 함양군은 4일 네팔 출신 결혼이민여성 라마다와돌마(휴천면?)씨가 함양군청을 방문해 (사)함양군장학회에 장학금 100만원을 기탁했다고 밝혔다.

· · · ·

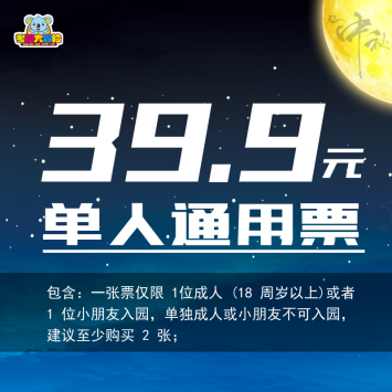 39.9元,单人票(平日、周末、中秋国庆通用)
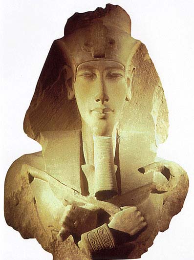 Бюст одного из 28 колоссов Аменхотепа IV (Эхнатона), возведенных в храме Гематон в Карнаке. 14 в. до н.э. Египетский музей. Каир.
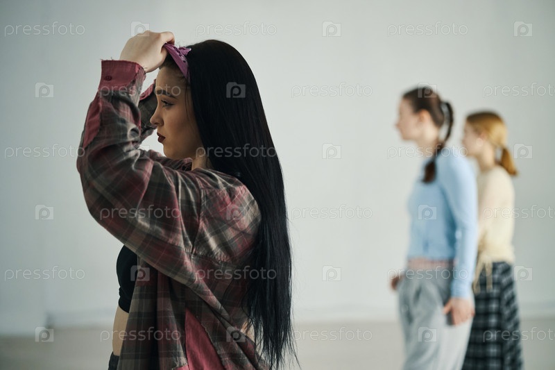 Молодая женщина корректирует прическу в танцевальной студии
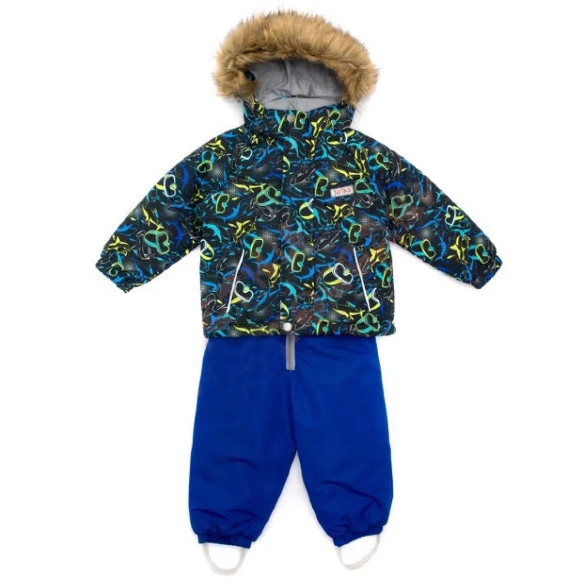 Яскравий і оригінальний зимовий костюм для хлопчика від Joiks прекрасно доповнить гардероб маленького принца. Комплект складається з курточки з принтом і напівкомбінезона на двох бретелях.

· · · ·

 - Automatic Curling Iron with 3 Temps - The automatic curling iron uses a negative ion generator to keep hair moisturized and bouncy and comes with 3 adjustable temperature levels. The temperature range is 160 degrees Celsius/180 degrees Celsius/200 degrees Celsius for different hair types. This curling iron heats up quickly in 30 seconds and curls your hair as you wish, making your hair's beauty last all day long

· · · ·

All lines above starting at the one with "39.9元,单人票(平日、周末、中秋国庆通用)" and ending at the one with "Яскравий і оригінальний", inclusive, are to be printed again exactly, with the pictures left out.

-- Task solution --
 39.9元,单人票(平日、周末、中秋国庆通用)
 Бюст одного из 28 колоссов Аменхотепа IV (Эхнатона), возведенных в храме Гематон в Карнаке. 14 в. до н.э. Египетский музей. Каир.
 Молодая женщина корректирует прическу в танцевальной студии
 Яскравий і оригінальний зимовий костюм для хлопчика від Joiks прекрасно доповнить гардероб маленького принца. Комплект складається з курточки з принтом і напівкомбінезона на двох бретелях.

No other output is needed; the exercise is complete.